Save the project. You're now ready to scan on demand or put it on a schedule.
Run a scan
Click Scan on the project card to launch a run. Pulse spins up a real Chrome browser in a Fargate container and executes three passes against your site. The Baseline pass visits the site without touching the CMP, capturing what fires before any consent decision. The Deny All pass rejects all cookies through your CMP and records what continues to fire despite the rejection. The GPC pass sends a Global Privacy Control signal and checks whether your stack honors it.

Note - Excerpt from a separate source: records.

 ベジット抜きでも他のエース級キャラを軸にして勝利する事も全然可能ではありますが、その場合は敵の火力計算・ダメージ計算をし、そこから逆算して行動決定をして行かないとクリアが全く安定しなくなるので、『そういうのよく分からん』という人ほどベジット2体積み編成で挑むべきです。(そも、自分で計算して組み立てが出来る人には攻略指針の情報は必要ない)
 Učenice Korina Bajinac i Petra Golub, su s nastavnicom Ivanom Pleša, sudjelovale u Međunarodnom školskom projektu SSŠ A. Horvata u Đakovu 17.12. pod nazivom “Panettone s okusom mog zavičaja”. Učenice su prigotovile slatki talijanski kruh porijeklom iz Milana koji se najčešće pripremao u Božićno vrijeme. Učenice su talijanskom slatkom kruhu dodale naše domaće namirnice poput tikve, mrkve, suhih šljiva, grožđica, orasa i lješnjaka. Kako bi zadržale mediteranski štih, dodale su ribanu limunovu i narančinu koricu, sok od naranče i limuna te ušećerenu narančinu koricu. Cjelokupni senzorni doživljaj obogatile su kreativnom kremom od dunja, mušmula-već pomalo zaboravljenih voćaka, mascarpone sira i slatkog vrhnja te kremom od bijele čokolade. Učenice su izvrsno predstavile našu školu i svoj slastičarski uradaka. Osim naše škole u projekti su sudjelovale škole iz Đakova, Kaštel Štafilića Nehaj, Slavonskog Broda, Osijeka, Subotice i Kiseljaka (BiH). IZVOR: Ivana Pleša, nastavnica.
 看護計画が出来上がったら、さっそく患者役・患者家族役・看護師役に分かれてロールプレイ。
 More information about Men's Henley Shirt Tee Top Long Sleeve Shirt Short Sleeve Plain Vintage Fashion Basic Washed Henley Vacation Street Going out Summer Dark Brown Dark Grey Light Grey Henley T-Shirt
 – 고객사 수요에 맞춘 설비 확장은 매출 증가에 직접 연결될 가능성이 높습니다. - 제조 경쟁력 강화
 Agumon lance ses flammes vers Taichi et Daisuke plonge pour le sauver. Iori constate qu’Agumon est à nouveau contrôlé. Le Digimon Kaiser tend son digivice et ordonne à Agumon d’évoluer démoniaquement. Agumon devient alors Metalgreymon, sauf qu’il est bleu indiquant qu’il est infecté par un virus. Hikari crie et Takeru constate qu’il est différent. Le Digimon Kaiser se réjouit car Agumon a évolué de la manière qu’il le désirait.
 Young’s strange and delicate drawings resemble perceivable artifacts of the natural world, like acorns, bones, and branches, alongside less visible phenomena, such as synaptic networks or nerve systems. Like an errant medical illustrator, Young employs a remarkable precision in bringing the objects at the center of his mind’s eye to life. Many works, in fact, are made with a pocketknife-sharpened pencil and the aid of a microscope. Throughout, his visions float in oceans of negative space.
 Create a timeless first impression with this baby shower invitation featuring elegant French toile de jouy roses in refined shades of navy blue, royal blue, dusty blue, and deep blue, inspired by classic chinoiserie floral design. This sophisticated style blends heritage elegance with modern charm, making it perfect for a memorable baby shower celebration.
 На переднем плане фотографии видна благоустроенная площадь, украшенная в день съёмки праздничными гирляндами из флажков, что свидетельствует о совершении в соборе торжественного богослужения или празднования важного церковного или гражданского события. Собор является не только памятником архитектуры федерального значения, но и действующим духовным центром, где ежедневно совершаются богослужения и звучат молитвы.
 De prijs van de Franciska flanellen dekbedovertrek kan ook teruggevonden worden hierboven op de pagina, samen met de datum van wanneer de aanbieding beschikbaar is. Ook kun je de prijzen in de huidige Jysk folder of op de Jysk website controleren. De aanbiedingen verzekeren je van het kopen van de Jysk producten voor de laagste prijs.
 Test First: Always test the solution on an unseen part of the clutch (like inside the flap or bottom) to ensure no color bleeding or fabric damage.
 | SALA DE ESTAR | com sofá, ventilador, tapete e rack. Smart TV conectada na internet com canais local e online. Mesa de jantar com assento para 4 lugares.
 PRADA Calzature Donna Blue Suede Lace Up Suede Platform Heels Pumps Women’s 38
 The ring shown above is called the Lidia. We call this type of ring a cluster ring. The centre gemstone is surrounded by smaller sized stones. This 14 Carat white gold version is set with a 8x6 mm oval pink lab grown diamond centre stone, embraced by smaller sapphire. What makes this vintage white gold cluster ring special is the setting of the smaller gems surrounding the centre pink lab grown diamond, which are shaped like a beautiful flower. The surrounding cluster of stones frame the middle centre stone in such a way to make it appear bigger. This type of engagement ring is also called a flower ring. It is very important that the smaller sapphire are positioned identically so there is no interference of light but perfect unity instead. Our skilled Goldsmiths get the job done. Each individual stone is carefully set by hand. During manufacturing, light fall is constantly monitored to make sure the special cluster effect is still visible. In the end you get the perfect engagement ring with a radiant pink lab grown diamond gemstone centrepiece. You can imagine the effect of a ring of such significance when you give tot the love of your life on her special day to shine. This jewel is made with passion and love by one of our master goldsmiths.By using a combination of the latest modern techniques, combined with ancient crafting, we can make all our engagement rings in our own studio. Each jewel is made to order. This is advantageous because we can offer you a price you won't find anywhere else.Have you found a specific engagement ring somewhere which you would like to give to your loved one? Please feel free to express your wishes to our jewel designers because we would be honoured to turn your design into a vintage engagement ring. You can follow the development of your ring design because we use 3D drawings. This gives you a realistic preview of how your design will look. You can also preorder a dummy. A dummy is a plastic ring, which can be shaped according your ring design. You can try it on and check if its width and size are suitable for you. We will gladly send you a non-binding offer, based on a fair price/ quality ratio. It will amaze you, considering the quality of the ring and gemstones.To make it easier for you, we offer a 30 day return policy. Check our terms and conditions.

Each pass takes roughly one to two minutes depending on page weight and the number of internal pages Pulse samples. Screenshots are captured at every pass so you have visual proof of the consent banner state when the tags fired. Expect an end-to-end scan to complete in five to eight minutes.
Review findings
When the scan completes, click into it to see the findings list. Pulse groups violations by severity and tells you exactly which tag fired, in which pass, from which page, and to which endpoint. Pre-consent tracking (tags firing in Baseline before the user even saw the banner) is typically flagged Critical, as are tags that continue firing after Deny All. GPC non-compliance is flagged for jurisdictions where GPC is legally binding.
Each finding has a recommended remediation. For most tags, the fix is adding the tag to your CMP's consent category or wrapping it in a consent trigger inside GTM. Pulse links directly back to AutoTag for managed tags so you can regenerate the container with the correct consent wiring.
Schedule recurring scans
Set a schedule (daily or weekly) so Pulse rescans automatically. This matters because containers drift. Someone adds a pixel in GTM, a new embed lands on a landing page, a vendor quietly changes their tag code. Recurring scans catch these regressions before they turn into a data-subject complaint. You'll receive email alerts when new violations appear or scores drop.
For high-traffic sites, run a weekly scan. For sites with frequent marketing launches, bump it to daily. The Schedule panel lives on the project edit page and uses the same shared scheduling component as the rest of the platform.
The three-pass model catches different violation classes that single-pass tools miss entirely: pre-consent tracking in Baseline, post-denial leaks in Deny All, and GPC non-compliance. Pulse captures screenshots at each pass as visual evidence you can hand to legal, and it warns when bot protection services like DataDome or Cloudflare may be interfering with the scan. If a scan sits idle for more than five minutes, stuck-scan detection will flag it automatically so you can re-queue it.
Troubleshooting
Deny All pass shows no change from Baseline
This almost always means Pulse picked the wrong CMP, or the CMP on the page was updated to a different vendor without the project being updated. Open the project edit page and confirm the CMP dropdown matches what's actually loaded on the site. If the site is using a custom banner, Pulse can't click Deny in it reliably and you'll need to configure consent events through your GTM container instead.
Scan stuck in QUEUED or RUNNING
Pulse's stuck-scan detector kicks in after five minutes. If a scan sits in QUEUED or RUNNING past that window, re-queue it from the scan detail page. The most common cause is bot protection on the target site returning a 403 to the scanner's IP range. If you see "Bot protection detected" in the warnings, allowlist the Pulse egress IPs or coordinate with your security team before rescanning.
Findings disagree with what you see manually
Pulse scans from a clean browser profile with no prior consent. If you test manually, your browser probably has prior consent stored. Clear cookies and storage for the domain, open an incognito window, and reproduce the Pulse scenario. You'll almost always see the same behavior Pulse flagged.